# TASK BRIEF
Word for word, restate all of the records.
"""
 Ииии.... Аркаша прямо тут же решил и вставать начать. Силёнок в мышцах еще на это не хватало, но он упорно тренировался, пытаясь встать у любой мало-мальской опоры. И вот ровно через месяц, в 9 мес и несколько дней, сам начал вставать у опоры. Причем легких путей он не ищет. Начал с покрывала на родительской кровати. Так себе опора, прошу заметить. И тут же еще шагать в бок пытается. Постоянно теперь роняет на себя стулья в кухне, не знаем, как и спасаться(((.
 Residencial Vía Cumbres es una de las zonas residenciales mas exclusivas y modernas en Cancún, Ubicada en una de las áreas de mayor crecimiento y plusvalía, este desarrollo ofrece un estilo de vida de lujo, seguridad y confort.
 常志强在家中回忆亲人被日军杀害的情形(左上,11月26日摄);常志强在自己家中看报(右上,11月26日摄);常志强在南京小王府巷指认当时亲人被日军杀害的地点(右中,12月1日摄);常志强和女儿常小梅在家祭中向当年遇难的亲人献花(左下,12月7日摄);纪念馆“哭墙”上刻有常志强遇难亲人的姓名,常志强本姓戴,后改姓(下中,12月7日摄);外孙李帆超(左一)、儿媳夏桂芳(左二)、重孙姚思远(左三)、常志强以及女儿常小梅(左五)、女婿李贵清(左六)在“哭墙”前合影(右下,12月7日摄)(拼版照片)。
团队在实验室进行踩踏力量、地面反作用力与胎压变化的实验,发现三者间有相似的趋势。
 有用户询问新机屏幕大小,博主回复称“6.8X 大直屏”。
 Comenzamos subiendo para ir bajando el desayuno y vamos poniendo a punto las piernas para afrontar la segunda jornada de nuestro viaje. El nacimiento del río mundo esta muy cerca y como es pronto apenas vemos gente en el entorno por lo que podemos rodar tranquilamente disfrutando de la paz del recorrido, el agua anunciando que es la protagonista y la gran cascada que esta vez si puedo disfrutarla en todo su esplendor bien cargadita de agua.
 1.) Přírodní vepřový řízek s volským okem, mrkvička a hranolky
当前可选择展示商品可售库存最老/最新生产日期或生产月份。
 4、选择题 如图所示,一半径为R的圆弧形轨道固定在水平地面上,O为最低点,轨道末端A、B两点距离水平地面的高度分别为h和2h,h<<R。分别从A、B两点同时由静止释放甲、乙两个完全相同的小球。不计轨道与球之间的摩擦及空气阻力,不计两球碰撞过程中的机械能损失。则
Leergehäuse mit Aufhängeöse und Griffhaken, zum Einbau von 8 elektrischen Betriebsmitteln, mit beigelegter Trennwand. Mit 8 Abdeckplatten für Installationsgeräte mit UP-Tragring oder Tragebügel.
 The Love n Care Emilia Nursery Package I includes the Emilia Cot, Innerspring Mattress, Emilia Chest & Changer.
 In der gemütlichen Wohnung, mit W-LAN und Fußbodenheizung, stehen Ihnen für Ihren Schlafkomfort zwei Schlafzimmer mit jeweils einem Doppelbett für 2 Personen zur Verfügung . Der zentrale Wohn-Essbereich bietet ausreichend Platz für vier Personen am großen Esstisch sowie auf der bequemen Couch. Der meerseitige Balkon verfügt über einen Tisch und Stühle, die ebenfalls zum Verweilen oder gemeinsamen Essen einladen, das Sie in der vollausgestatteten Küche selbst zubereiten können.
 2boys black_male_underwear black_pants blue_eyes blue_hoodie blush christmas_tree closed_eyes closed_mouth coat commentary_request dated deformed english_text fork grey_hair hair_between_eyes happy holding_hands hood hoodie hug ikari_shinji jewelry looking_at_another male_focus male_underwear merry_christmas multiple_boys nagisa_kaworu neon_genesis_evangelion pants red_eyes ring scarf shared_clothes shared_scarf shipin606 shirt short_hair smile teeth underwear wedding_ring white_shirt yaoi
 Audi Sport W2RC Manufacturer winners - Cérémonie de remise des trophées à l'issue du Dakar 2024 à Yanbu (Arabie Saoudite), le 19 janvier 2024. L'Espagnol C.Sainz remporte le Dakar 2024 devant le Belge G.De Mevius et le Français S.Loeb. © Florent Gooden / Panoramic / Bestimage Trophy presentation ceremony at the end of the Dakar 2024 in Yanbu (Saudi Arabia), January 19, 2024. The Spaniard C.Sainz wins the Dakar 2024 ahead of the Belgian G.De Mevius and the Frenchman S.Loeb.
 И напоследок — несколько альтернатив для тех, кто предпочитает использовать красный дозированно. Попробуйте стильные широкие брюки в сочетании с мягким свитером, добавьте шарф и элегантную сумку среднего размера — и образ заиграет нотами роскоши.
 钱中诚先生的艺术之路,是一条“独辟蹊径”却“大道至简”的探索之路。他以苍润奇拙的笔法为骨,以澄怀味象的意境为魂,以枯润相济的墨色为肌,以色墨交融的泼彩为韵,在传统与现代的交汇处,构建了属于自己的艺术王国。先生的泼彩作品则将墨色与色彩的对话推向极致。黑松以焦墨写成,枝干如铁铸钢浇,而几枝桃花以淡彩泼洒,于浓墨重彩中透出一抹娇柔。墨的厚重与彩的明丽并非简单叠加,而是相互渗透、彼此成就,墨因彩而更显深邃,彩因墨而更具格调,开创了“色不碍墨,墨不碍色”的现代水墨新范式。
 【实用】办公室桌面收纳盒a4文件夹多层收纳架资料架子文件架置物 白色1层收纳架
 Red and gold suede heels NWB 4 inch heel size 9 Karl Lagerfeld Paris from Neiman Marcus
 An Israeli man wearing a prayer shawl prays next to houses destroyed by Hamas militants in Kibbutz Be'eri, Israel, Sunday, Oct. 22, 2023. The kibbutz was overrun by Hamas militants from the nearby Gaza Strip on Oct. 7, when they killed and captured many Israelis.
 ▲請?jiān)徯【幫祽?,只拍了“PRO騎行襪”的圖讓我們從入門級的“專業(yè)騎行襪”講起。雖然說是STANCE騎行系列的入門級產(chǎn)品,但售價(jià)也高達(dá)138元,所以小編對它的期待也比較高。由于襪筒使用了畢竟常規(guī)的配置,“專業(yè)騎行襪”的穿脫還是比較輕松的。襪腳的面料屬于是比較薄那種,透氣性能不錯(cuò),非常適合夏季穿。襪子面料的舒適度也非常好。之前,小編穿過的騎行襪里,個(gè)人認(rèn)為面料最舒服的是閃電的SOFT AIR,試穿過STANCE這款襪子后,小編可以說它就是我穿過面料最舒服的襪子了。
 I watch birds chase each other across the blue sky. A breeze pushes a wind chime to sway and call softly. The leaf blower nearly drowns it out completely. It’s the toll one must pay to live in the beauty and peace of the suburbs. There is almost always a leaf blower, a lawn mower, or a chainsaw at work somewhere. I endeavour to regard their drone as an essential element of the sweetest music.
"""
# WRITTEN SOLUTION
 Ииии.... Аркаша прямо тут же решил и вставать начать. Силёнок в мышцах еще на это не хватало, но он упорно тренировался, пытаясь встать у любой мало-мальской опоры. И вот ровно через месяц, в 9 мес и несколько дней, сам начал вставать у опоры. Причем легких путей он не ищет. Начал с покрывала на родительской кровати. Так себе опора, прошу заметить. И тут же еще шагать в бок пытается. Постоянно теперь роняет на себя стулья в кухне, не знаем, как и спасаться(((.
 Residencial Vía Cumbres es una de las zonas residenciales mas exclusivas y modernas en Cancún, Ubicada en una de las áreas de mayor crecimiento y plusvalía, este desarrollo ofrece un estilo de vida de lujo, seguridad y confort.
 常志强在家中回忆亲人被日军杀害的情形(左上,11月26日摄);常志强在自己家中看报(右上,11月26日摄);常志强在南京小王府巷指认当时亲人被日军杀害的地点(右中,12月1日摄);常志强和女儿常小梅在家祭中向当年遇难的亲人献花(左下,12月7日摄);纪念馆“哭墙”上刻有常志强遇难亲人的姓名,常志强本姓戴,后改姓(下中,12月7日摄);外孙李帆超(左一)、儿媳夏桂芳(左二)、重孙姚思远(左三)、常志强以及女儿常小梅(左五)、女婿李贵清(左六)在“哭墙”前合影(右下,12月7日摄)(拼版照片)。
团队在实验室进行踩踏力量、地面反作用力与胎压变化的实验,发现三者间有相似的趋势。
 有用户询问新机屏幕大小,博主回复称“6.8X 大直屏”。
 Comenzamos subiendo para ir bajando el desayuno y vamos poniendo a punto las piernas para afrontar la segunda jornada de nuestro viaje. El nacimiento del río mundo esta muy cerca y como es pronto apenas vemos gente en el entorno por lo que podemos rodar tranquilamente disfrutando de la paz del recorrido, el agua anunciando que es la protagonista y la gran cascada que esta vez si puedo disfrutarla en todo su esplendor bien cargadita de agua.
 1.) Přírodní vepřový řízek s volským okem, mrkvička a hranolky
当前可选择展示商品可售库存最老/最新生产日期或生产月份。
 4、选择题 如图所示,一半径为R的圆弧形轨道固定在水平地面上,O为最低点,轨道末端A、B两点距离水平地面的高度分别为h和2h,h<<R。分别从A、B两点同时由静止释放甲、乙两个完全相同的小球。不计轨道与球之间的摩擦及空气阻力,不计两球碰撞过程中的机械能损失。则
Leergehäuse mit Aufhängeöse und Griffhaken, zum Einbau von 8 elektrischen Betriebsmitteln, mit beigelegter Trennwand. Mit 8 Abdeckplatten für Installationsgeräte mit UP-Tragring oder Tragebügel.
 The Love n Care Emilia Nursery Package I includes the Emilia Cot, Innerspring Mattress, Emilia Chest & Changer.
 In der gemütlichen Wohnung, mit W-LAN und Fußbodenheizung, stehen Ihnen für Ihren Schlafkomfort zwei Schlafzimmer mit jeweils einem Doppelbett für 2 Personen zur Verfügung . Der zentrale Wohn-Essbereich bietet ausreichend Platz für vier Personen am großen Esstisch sowie auf der bequemen Couch. Der meerseitige Balkon verfügt über einen Tisch und Stühle, die ebenfalls zum Verweilen oder gemeinsamen Essen einladen, das Sie in der vollausgestatteten Küche selbst zubereiten können.
 2boys black_male_underwear black_pants blue_eyes blue_hoodie blush christmas_tree closed_eyes closed_mouth coat commentary_request dated deformed english_text fork grey_hair hair_between_eyes happy holding_hands hood hoodie hug ikari_shinji jewelry looking_at_another male_focus male_underwear merry_christmas multiple_boys nagisa_kaworu neon_genesis_evangelion pants red_eyes ring scarf shared_clothes shared_scarf shipin606 shirt short_hair smile teeth underwear wedding_ring white_shirt yaoi
 Audi Sport W2RC Manufacturer winners - Cérémonie de remise des trophées à l'issue du Dakar 2024 à Yanbu (Arabie Saoudite), le 19 janvier 2024. L'Espagnol C.Sainz remporte le Dakar 2024 devant le Belge G.De Mevius et le Français S.Loeb. © Florent Gooden / Panoramic / Bestimage Trophy presentation ceremony at the end of the Dakar 2024 in Yanbu (Saudi Arabia), January 19, 2024. The Spaniard C.Sainz wins the Dakar 2024 ahead of the Belgian G.De Mevius and the Frenchman S.Loeb.
 И напоследок — несколько альтернатив для тех, кто предпочитает использовать красный дозированно. Попробуйте стильные широкие брюки в сочетании с мягким свитером, добавьте шарф и элегантную сумку среднего размера — и образ заиграет нотами роскоши.
 钱中诚先生的艺术之路,是一条“独辟蹊径”却“大道至简”的探索之路。他以苍润奇拙的笔法为骨,以澄怀味象的意境为魂,以枯润相济的墨色为肌,以色墨交融的泼彩为韵,在传统与现代的交汇处,构建了属于自己的艺术王国。先生的泼彩作品则将墨色与色彩的对话推向极致。黑松以焦墨写成,枝干如铁铸钢浇,而几枝桃花以淡彩泼洒,于浓墨重彩中透出一抹娇柔。墨的厚重与彩的明丽并非简单叠加,而是相互渗透、彼此成就,墨因彩而更显深邃,彩因墨而更具格调,开创了“色不碍墨,墨不碍色”的现代水墨新范式。
 【实用】办公室桌面收纳盒a4文件夹多层收纳架资料架子文件架置物 白色1层收纳架
 Red and gold suede heels NWB 4 inch heel size 9 Karl Lagerfeld Paris from Neiman Marcus
 An Israeli man wearing a prayer shawl prays next to houses destroyed by Hamas militants in Kibbutz Be'eri, Israel, Sunday, Oct. 22, 2023. The kibbutz was overrun by Hamas militants from the nearby Gaza Strip on Oct. 7, when they killed and captured many Israelis.
 ▲請?jiān)徯【幫祽?,只拍了“PRO騎行襪”的圖讓我們從入門級的“專業(yè)騎行襪”講起。雖然說是STANCE騎行系列的入門級產(chǎn)品,但售價(jià)也高達(dá)138元,所以小編對它的期待也比較高。由于襪筒使用了畢竟常規(guī)的配置,“專業(yè)騎行襪”的穿脫還是比較輕松的。襪腳的面料屬于是比較薄那種,透氣性能不錯(cuò),非常適合夏季穿。襪子面料的舒適度也非常好。之前,小編穿過的騎行襪里,個(gè)人認(rèn)為面料最舒服的是閃電的SOFT AIR,試穿過STANCE這款襪子后,小編可以說它就是我穿過面料最舒服的襪子了。
 I watch birds chase each other across the blue sky. A breeze pushes a wind chime to sway and call softly. The leaf blower nearly drowns it out completely. It’s the toll one must pay to live in the beauty and peace of the suburbs. There is almost always a leaf blower, a lawn mower, or a chainsaw at work somewhere. I endeavour to regard their drone as an essential element of the sweetest music.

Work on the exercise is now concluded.